I saw that a roped off area was being taken, so I turned off the game without saving. I then started a new player, but when I went to the town the roped off area was still there. Then I went back a day and tried with a new player again. The roped off area is still there.

Please help! This house will be in a bad spot plus it's Diva... and she looks frightening


----------



## JKDOS (Jul 1, 2013)

The game saves as you load a character. It's there forever now.

When you create a new character it places you in the game w/o saving.

I'll go find the thread


----------



## Aurora (Jul 1, 2013)

I found it but thank you. So how do we control villagers then? I don't know when they'll be coming


----------



## Rune (Jul 1, 2013)

I'm afraid it's too late, you're supposed to do the new player thing BEFORE getting on your mayor for the day.


----------



## JKDOS (Jul 1, 2013)

http://www.belltreeforums.com/showt...ling-quot-where-houses-appear&highlight=loads



Aurora said:


> I found it but thank you. So how do we control villagers then? I don't know when they'll be coming



How many villagers do you have? if 1 out of 9 moves out then you have a 100% chance to get a new one


----------



## Aurora (Jul 1, 2013)

traceguy said:


> http://www.belltreeforums.com/showt...ling-quot-where-houses-appear&highlight=loads
> 
> 
> 
> How many villagers do you have? if 1 out of 9 moves out then you have a 100% chance to get a new one


Diva was the 9th one... any advice to getting villagers to move out faster?


----------



## JKDOS (Jul 1, 2013)

Aurora said:


> Diva was the 9th one... any advice to getting villagers to move out faster?



I find it's random. Whether the villager is best friends or worst friends. They might just ask to move out. Time Traveling is probably the only way to make one move out soon.


----------



## Ninfia Chan (Aug 9, 2013)

To move villigers out you can push them around until they get mad.


----------



## TeddysMama711 (Aug 9, 2013)

Ninfia Chan said:


> To move villigers out you can push them around until they get mad.
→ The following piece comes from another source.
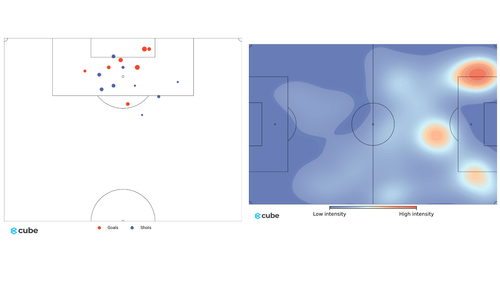 The metric xT – expected threat is measuring how a pass or a ball carry increased the probality of a team scoring a goal. The xT heatmap shows which areas on the pitch was used by the team for creating more threating actions.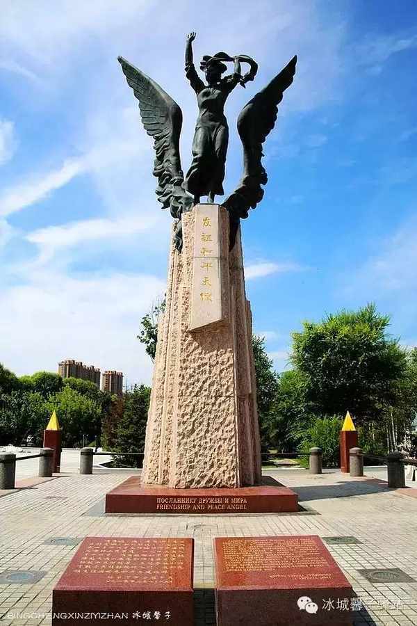 普京为“友谊平和天使”雕塑题词:“我们的友谊就是相互理解、信任、共同的价值观和利益。我们将铭记过去,展望未来”。

Actually, that doesn't work to get them to move.


----------



## BellGreen (Aug 9, 2013)

█⌦♫​If there was a plot yesterday and you have room, I'm pretty sure you get a plot two days after (as in on that 2nd day). I don't know, but two days after Zell moved out, Mint moved in.​♫⌫█​


----------



## KitchenWhisk (Aug 9, 2013)

Can we get a FAQ page stickied somewhere? The same five questions get asked multiple times a day and then get buried under new posts too quickly to help more than a few people :/


----------



## BellGreen (Aug 9, 2013)

KitchenWhisk said:


> Can we get a FAQ page stickied somewhere? The same five questions get asked multiple times a day and then get buried under new posts too quickly to help more than a few people :/



I would like this. Does anyone want me to start one? I bet it would help a lot of beginners who ask the same question every single day


----------